I did. I was. But not that day. I was the one who killed her. It was a weekend. The rain was pouring hard. It seems like it was past four but actually it was only two in the afternoon. I visited her house. Her mom, who was her only family, went grocery shopping. It was natural for me to come over every weekend. That time, she was fragile as a feather. She was thin, pale and sick. But she beamed at me like nothing was a trouble. She beamed at me as if she has forever to live. 

She asked me to accompany her for a walk. I refused. It was raining and her mom told me not to let her out of the house. We had arguments. She got angry at me. She got really angry. I told her to go if she wanted and that I wouldn't care at all. I went to watch television. I was raging in fury. She was stubborn. She never follows what I say. She sees me as her chance to be free. All the rest of the adults just hold her back to the things she wants. I can give a few exceptions. 
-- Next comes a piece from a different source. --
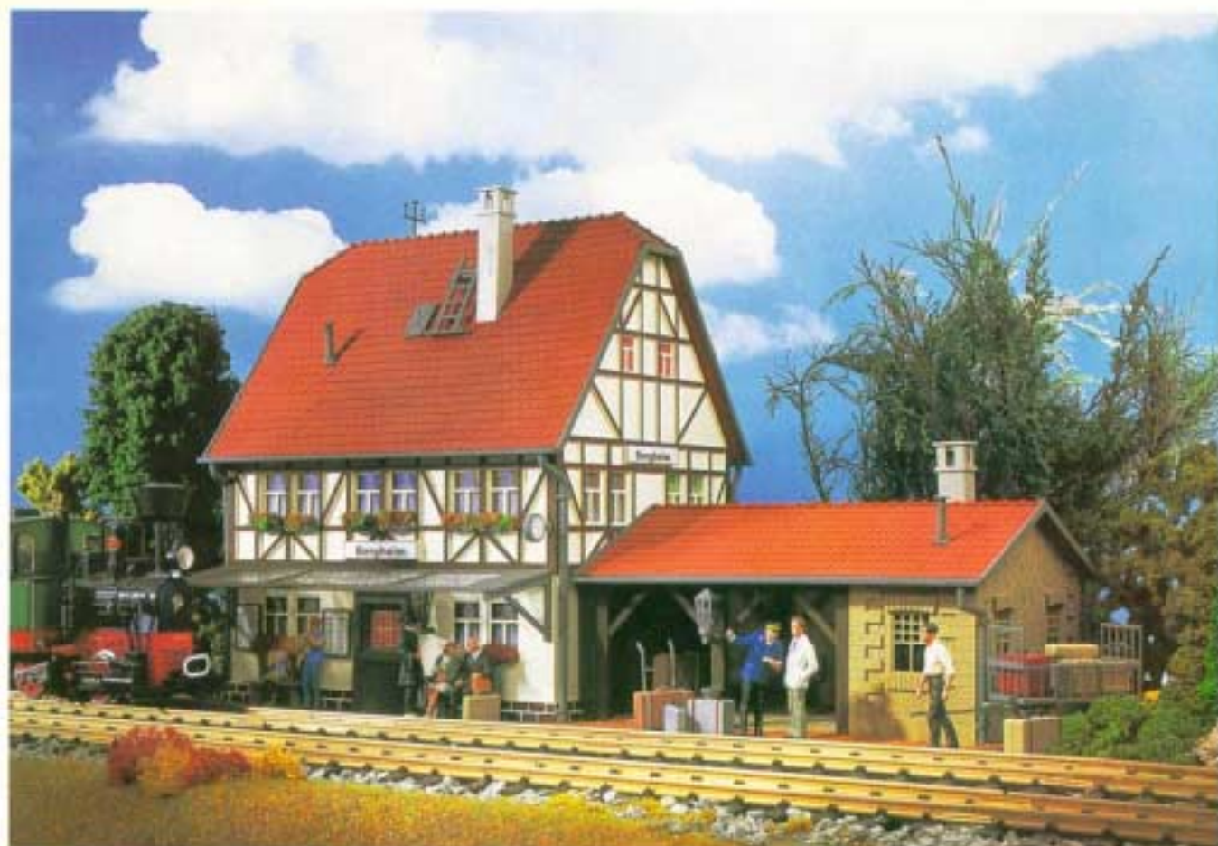
Bahnhof "Bergheim" 680 x 360 x 440 mm Station - Gare - Station 1202 Bausatz - Kit - Boite d'assemblage - Bouwpakket

Half an hour passed. I called her. She didn't respond. I looked for her around the house. She wasn't there. I began to panic. I saw my umbrella gone. She must have gone to the streets. I ran block after block, calling her name. I was drenched in the rain. I do not know where to find her. I just took off wherever my feet would take me. 

I was tired. I was shaking. Her mom would be home any minute and she wouldn't find both of us at home. I was frustrated. I shouldn't have lost my temper. Then I saw a crowd of people in umbrellas and raincoats surrounding someone in the corner of the street.

I was praying I wouldn't see her face in that person lying. But I saw my umbrella torn at the side. My heart was thumping. I walked towards them. 

Her hair was drenched in rain and blood. She was pale and her lips were blue. Paramedics rush and took her. Everything went slow motion. I yelled her name. No one would let me near her. They just pushed me out. What happened? I don't know. People say she was fainting and a high speed vehicle had hit her and drive off. I don't know! All I know is, it was my fault. 

I didn't face her mother at her funeral. I didn't even dare to peep in her coffin. I can't accept the fact that the girl, my best friend, who was always there for me, spent her last day angry at me and died tragically without me by her side. Her mom gave me a hug just before I left. She wasn't angry. She told me it isn't my fault. She told me it isn't the first time that Hanna runs off. She even told me that finally, her daughter has her rest. 

My eyes were burning from the memory. I felt Hiro pat my shoulders.

"Things happen. People die. And the people who are left in the world, sometimes suffers more." He stood up wobbling in his feet. "I'm looking forward for the day I'll see Miki again!"